Extracurriculars if working full time after college into a DIY post-bacc

Hi everyone,

Non-traditional student/career changer here. I completed my BA back in 2012 and went right into an MA program so I’m not coming from a science background. Shortly after I started working full time as a first responder, which I’ve been doing for the past seven years. I just began taking my prereq courses for med school.

While I did participate in extracurricular activities in college and into graduate school, is it even relevant anymore? I know pre-med advisors will tell you to only list extracurriculars after high school, but at this point in my life, as a 32 year old non-trad career changer, are college extracurriculars worth mentioning? I feel like most of the traditional qualities we get from extracurriculars are still present today (leadership, teamwork, work ethic, time management, social interaction, etc.), but I think I can articulate those qualities from solely working full-time while completing a DIY post bacc, getting clinical experience, and shadowing.

Any thoughts?

From what I understand, extracurricular activities don’t expire so I don’t see a reason why you couldn’t list them. However, space is limited on the applications (specifically the AMCAS). As such, it seems that the root question you are asking is, “How do I determine which activities to list and which ones I leave out?”
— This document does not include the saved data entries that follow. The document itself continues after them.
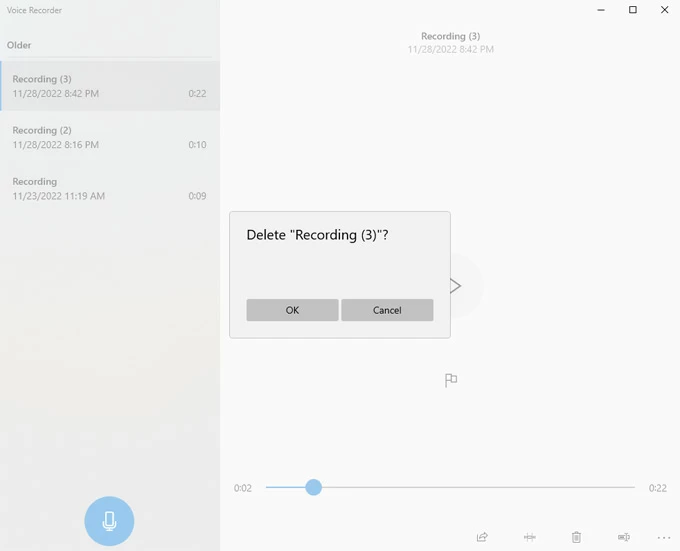 1。打开语音录音机后,查找并选择要从左板列表中删除的音频文件。
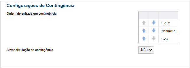 Além disso, estão disponíveis os parâmetros para configuração de contingência. Entre eles, destaca-se o campo "Ordem de entrada em contingência", que define a prioridade utilizada pelo sistema ao entrar em contingência. Dentre as opções de escolha, é possível selecionar: SEFAZ Contingência Virtual (SVC), Evento Prévio de Emissão em Contingência (EPEC) ou nenhuma das alternativas, conforme demonstrado a seguir: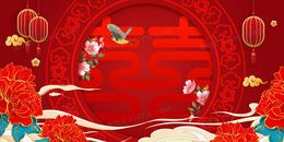 传统中式婚礼红色喜庆双喜纹理中国风背景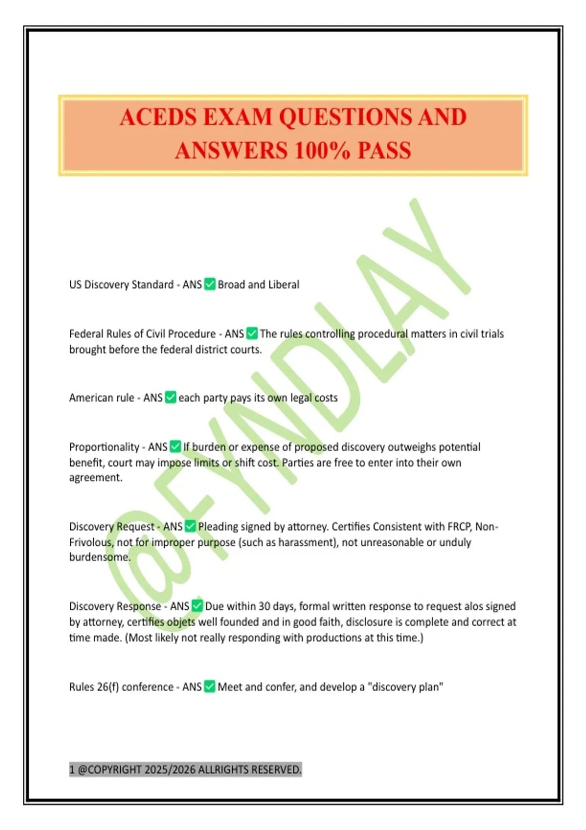 ACEDS EXAM QUESTIONS AND ANSWERS 100% PASS

In addressing this question, I think there is another question to use to evaluate each activity: “How does this activity fit into the story I am telling in my application?” You could also rephrase this as, “what am I communicating about myself with this activity (e.g. interests, work ethic, etc.)?” Not all of your activities need to be healthcare related. But they should tell the ad comms something about you.
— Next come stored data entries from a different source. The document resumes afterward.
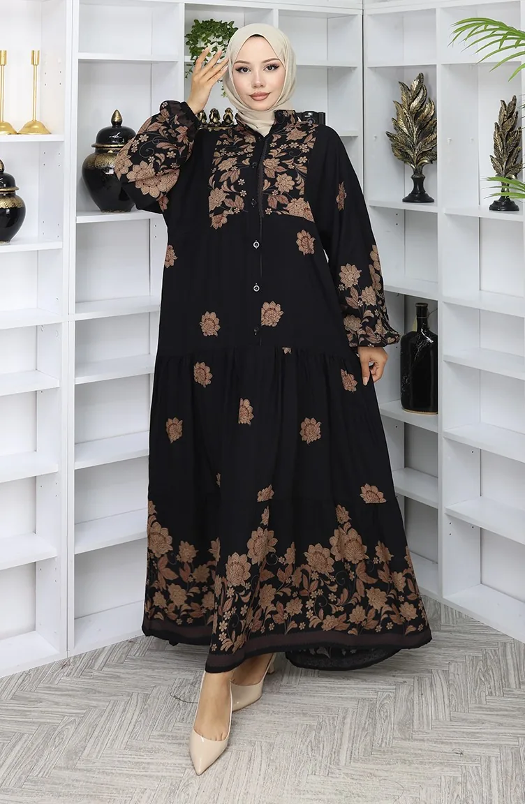 Viscose Stof Patroon Jurk 2045-03 Zwart 2045-03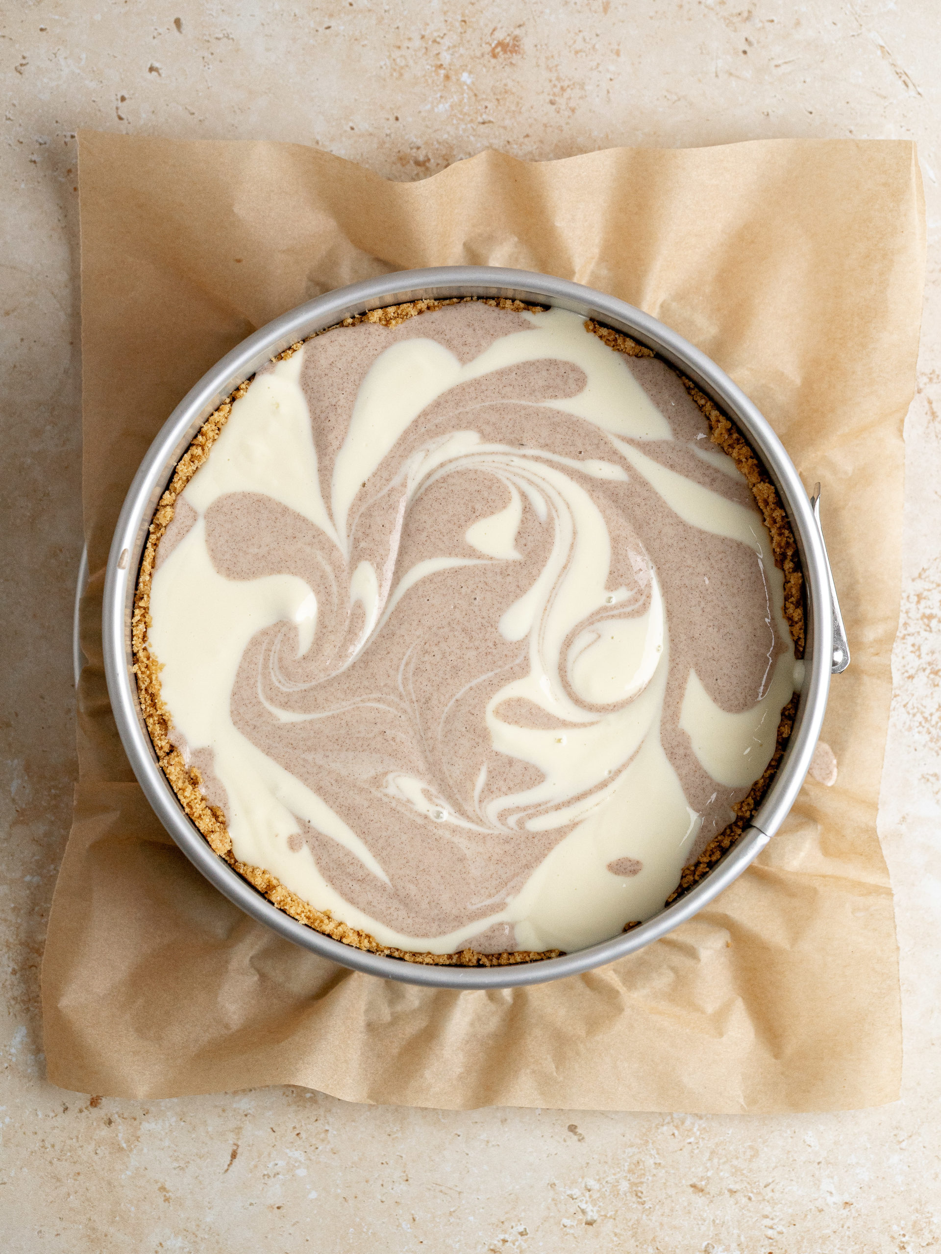 • Pour half of the cheesecake mixture into a bowl and add the ground cinnamon. Mix it together until fully combined. Then alternate by adding the cinnamon and plain cheesecake filling into the spring pan. Lastly gently swirl the two mixtures around to create a nice pattern.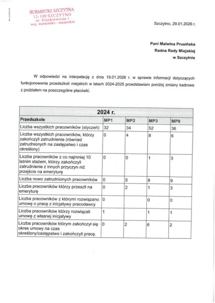 Ilu pracowników odeszło z miejskich przedszkoli w latach 2024–2025, ilu zatrudniono nowych i z jakich powodów kończyły się umowy? Radna Malwina Prusińska złożyła interpelację do burmistrza Stefana Ochmana. Wprost prosi o dane rozbite na placówki i o informację, ile skarg na dyrektorów trafiło do urzędu – także w kontekście przedszkola „Promyczek”, o którym w Szczytnie mówi się od miesięcy.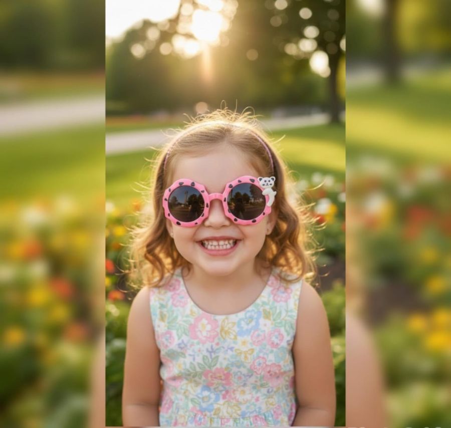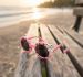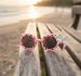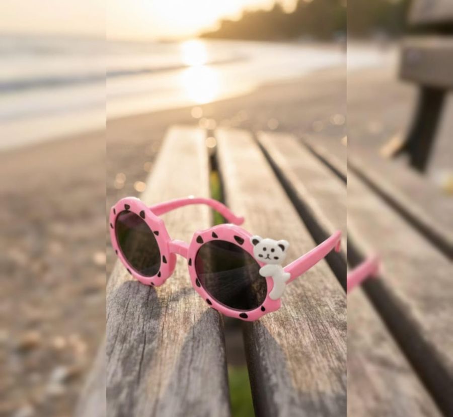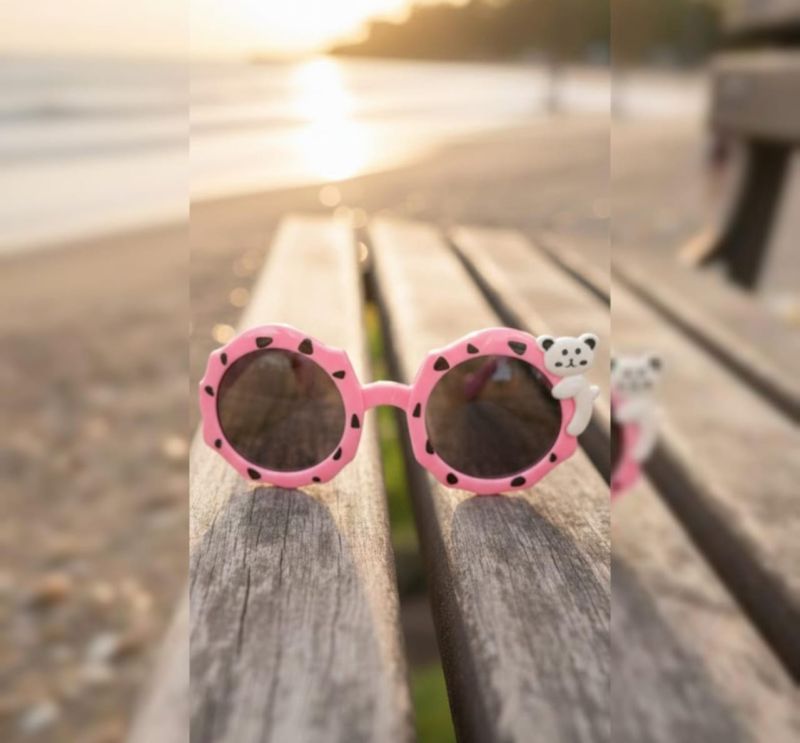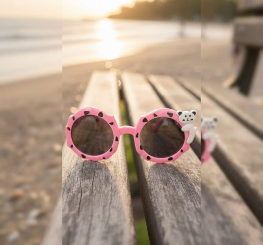 That is a great shot! The warm sunset glow and the wooden textures of the bench create a very cozy, summer-vacation vibe. Those pink panda sunglasses are definitely the star of the show.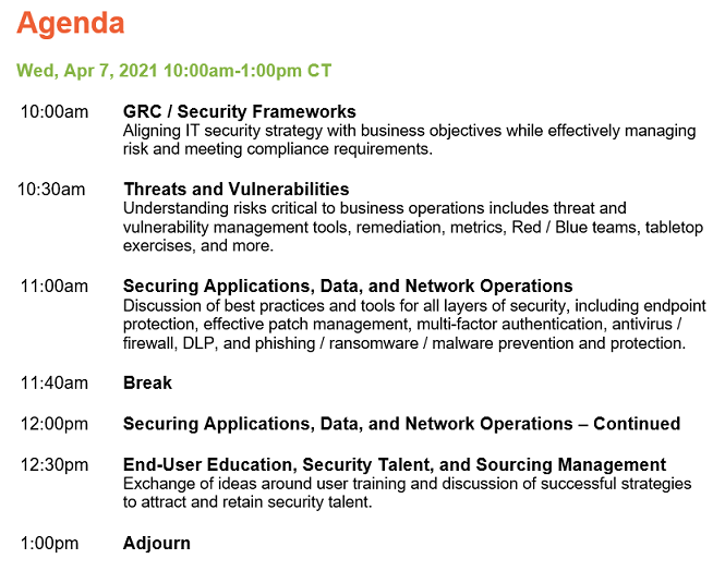 Join your fellow IT leaders to exchange strategies and solutions during this professionally moderated Virtual IT Roundtable to be held via video-conferencing technology on Wed 04/07, 10am-1pm CT. The engaging discussion occurs simultaneously with a robust chat. To ensure greater objectivity and honesty, vendors may not sponsor or attend.
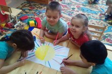 Ежедневно воспитанники группы "Колосок" закрепляют материал о временах года и 12 календарных месяцах. Ребятишки хорошо знают, что сейчас весна, но глядя за окно, с трудом верят в это: кругом снег, да и зимний гардероб мало напоминает о весне. Вот и решили мы с ребятишками позвать Весну-красну, поторопить ее, помочь ей найти дорогу к нам как можно скорей. Ребята охотно разучили несколько коротеньких закличек, а потом с радостью и надеждой несколько раз на день хором повторяли их. А ещё ребята нарисовали большое солнышко. Может, запоздалая весна увидит его и поскорей доберется до нас! -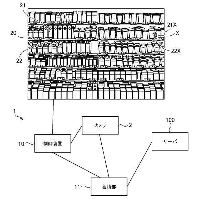 前記電子棚札及び前記カメラを制御する制御装置(10)と、

To give a hypothetical example, perhaps you found a passion for going on mission trips with a church in college and want to continue doing this into the future. Then list it. Even though the activity isn’t medical in nature it shows interest and involvement in the community and tells the ad comms about you. A side bonus is that this example can also easily be translated into a medical context (think Doctors Without Borders). However, this later part isn’t completely necessary.

The important part is to show what you are interested in, both in and outside of medicine. Med schools like students who are a part of the community and activities help to reflect this better than the other sections of the application. You don’t need to be involved in every area of the community, just some area. And to be honest, ad comms also understand that time is limited, so you also don’t necessarily need hundreds and hundreds of hours to show involvement.

Having said all of that, I haven’t hit the point of applying yet, so this is just my two cents. Either way, hope it helps give you something to think about. Good luck!